- _Task objective_
Without including any picture, return the complete set of records exactly.

- _Provided data_
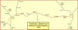 The Boston, Sleaford and Midland Counties Railway opened a railway line between Grantham and Boston, through Sleaford, England. It opened in two stages, in 1857 and 1859.
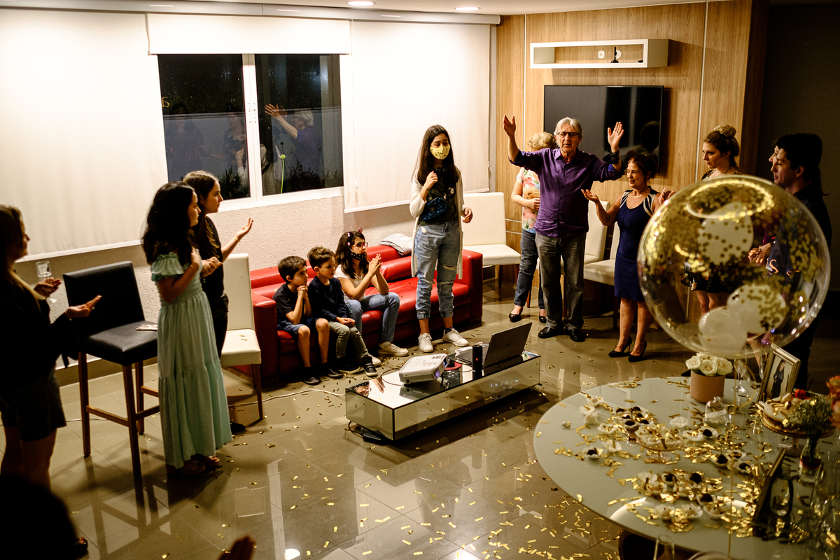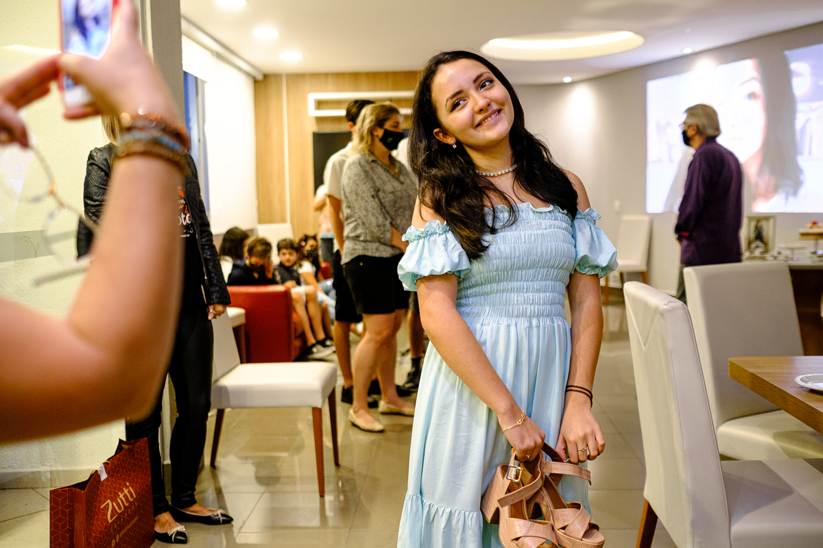 Mariana completou os tão sonhado 15 anos durante a pandemia e é claro que uma data dessa merece ser comemorada, dentro das possibilidades permitidas. Sua família organizou uma carreata surpresa em frente a sua casa com direito a balões, buzinaço e a presença das amigas que há meses não se viam. Foi muito emocionante! Cada abraço, uma lágrima de saudade. Após toda esta festa, a família chamou os mais chegados para um coquetel, também surpresa, para a aniversariante. Não podemos esquecer do vídeo com depoimentos super cheios de verdade e emoção. Foi um dia inesquecível para a Mari e para todos que a ama! E eu tive a alegria e a responsabilidade de contar toda esta história com muito carinho e amor para que ela sempre lembre com carinho de tudo o que fizeram por ela.
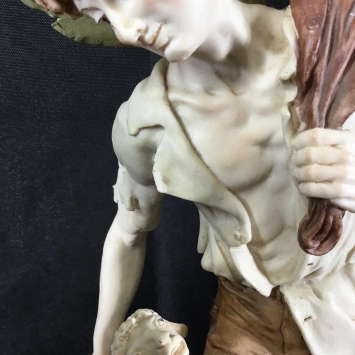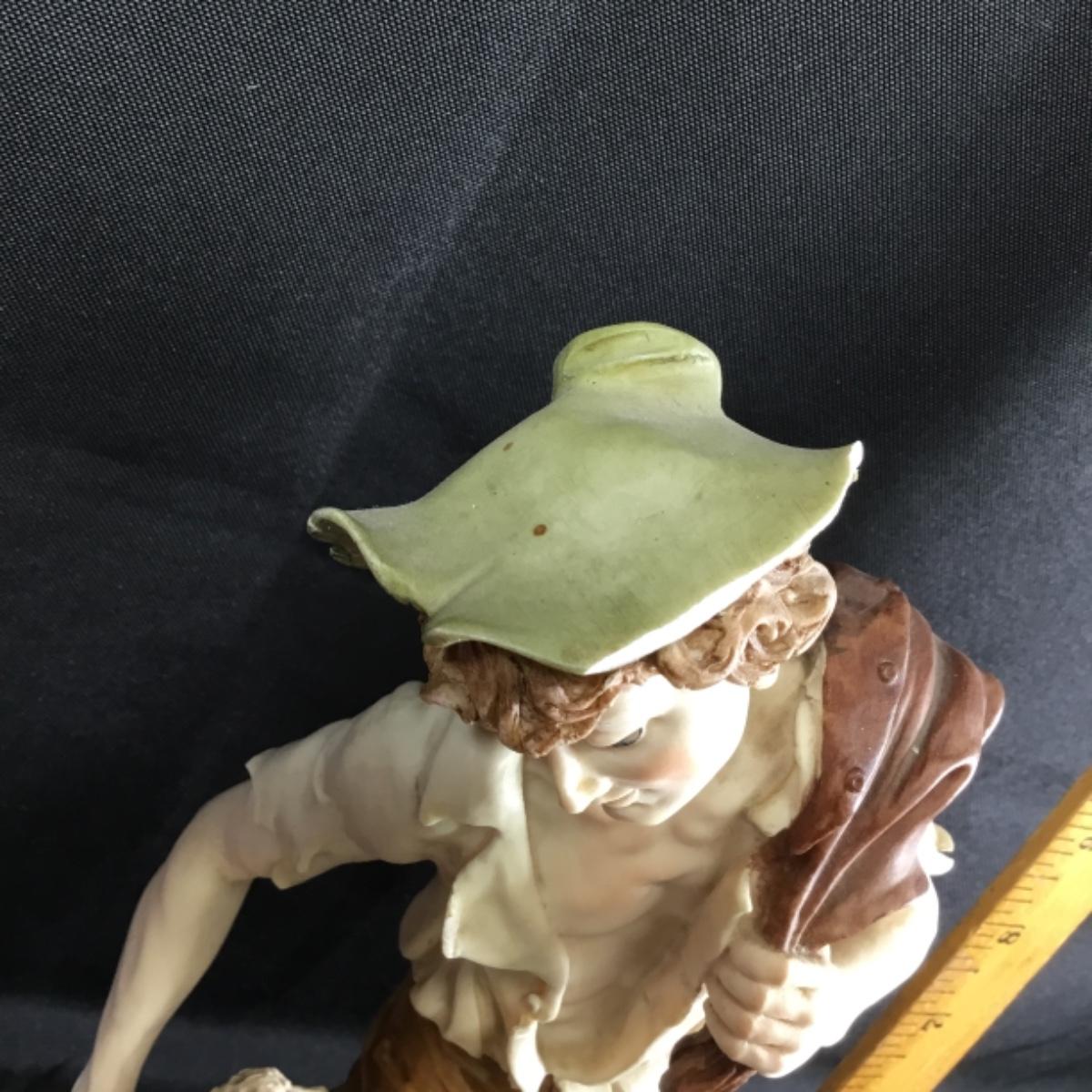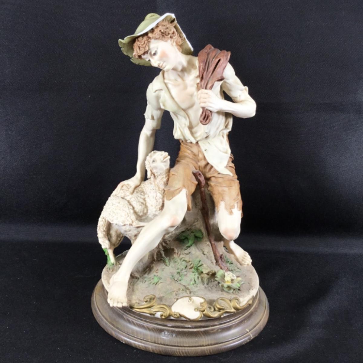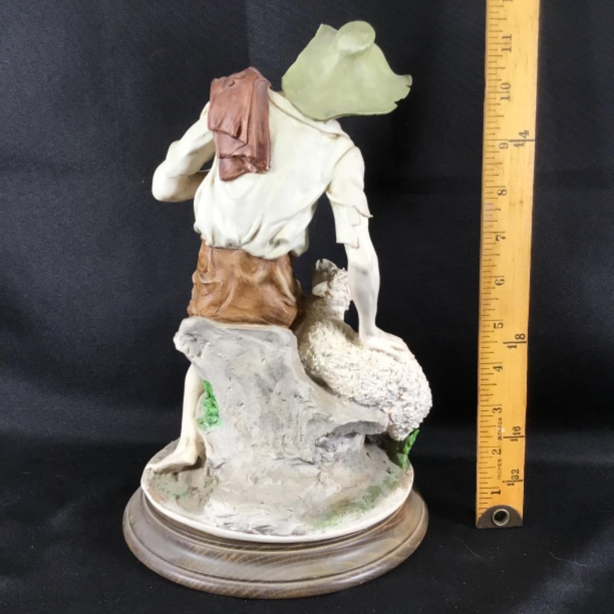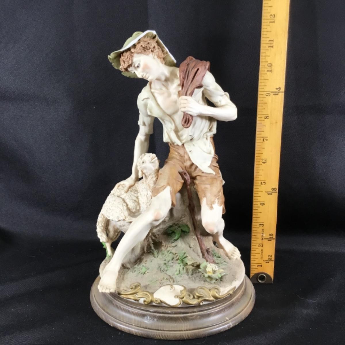Resin atop a wood base. The shepherd“˜s hat has a piece that has been broken off. There is also damage to the lapel of his shirt as well as scratches on the base of the statue; see pictures.
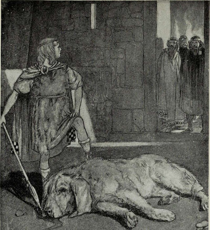 The guests, the King, and Culainn were all amazed to see Setanta not only not dead, but entirely unharmed, standing over the slain hound. Culainn was understandably distraught at the sight of his fallen dog and valuable protector. On seeing the man’s clear distress, Setanta honorably vowed to take the place of the dog, protecting Culainn’s home and the pass into Ulster, training a new guard-dog to take his place in time.
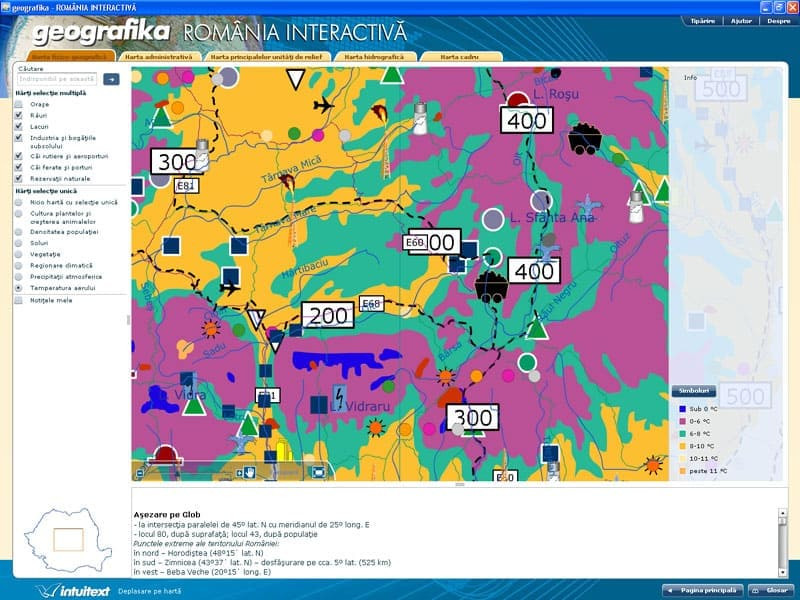 Geografika - România Interactivă este primul produs care transformă reţinerea mecanică a noţiunilor teoretice de geografie într-un proces de învăţare interactivă. Copiii vor putea vizualiza acum pe harta regiunile geografice şi fenomenele care le caracterizează. Geografika cuprinde zeci de hărti interactive, noţiuni teoretice, jocuri, puzzle-uri, sute de teste, toate pentru o pregătire excelentă a tezelor cu subiect unic la geografie.
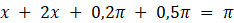 Niech miara kąta DAB będzie oznaczona jako x. Wtedy miary kątów trójkąta prostokątnego ABD wynoszą: x, 2x + 0,2π, 0,5π.

- _Answer space_
 The Boston, Sleaford and Midland Counties Railway opened a railway line between Grantham and Boston, through Sleaford, England. It opened in two stages, in 1857 and 1859.
 Mariana completou os tão sonhado 15 anos durante a pandemia e é claro que uma data dessa merece ser comemorada, dentro das possibilidades permitidas. Sua família organizou uma carreata surpresa em frente a sua casa com direito a balões, buzinaço e a presença das amigas que há meses não se viam. Foi muito emocionante! Cada abraço, uma lágrima de saudade. Após toda esta festa, a família chamou os mais chegados para um coquetel, também surpresa, para a aniversariante. Não podemos esquecer do vídeo com depoimentos super cheios de verdade e emoção. Foi um dia inesquecível para a Mari e para todos que a ama! E eu tive a alegria e a responsabilidade de contar toda esta história com muito carinho e amor para que ela sempre lembre com carinho de tudo o que fizeram por ela.
Resin atop a wood base. The shepherd“˜s hat has a piece that has been broken off. There is also damage to the lapel of his shirt as well as scratches on the base of the statue; see pictures.
 The guests, the King, and Culainn were all amazed to see Setanta not only not dead, but entirely unharmed, standing over the slain hound. Culainn was understandably distraught at the sight of his fallen dog and valuable protector. On seeing the man’s clear distress, Setanta honorably vowed to take the place of the dog, protecting Culainn’s home and the pass into Ulster, training a new guard-dog to take his place in time.
 Geografika - România Interactivă este primul produs care transformă reţinerea mecanică a noţiunilor teoretice de geografie într-un proces de învăţare interactivă. Copiii vor putea vizualiza acum pe harta regiunile geografice şi fenomenele care le caracterizează. Geografika cuprinde zeci de hărti interactive, noţiuni teoretice, jocuri, puzzle-uri, sute de teste, toate pentru o pregătire excelentă a tezelor cu subiect unic la geografie.
 Niech miara kąta DAB będzie oznaczona jako x. Wtedy miary kątów trójkąta prostokątnego ABD wynoszą: x, 2x + 0,2π, 0,5π.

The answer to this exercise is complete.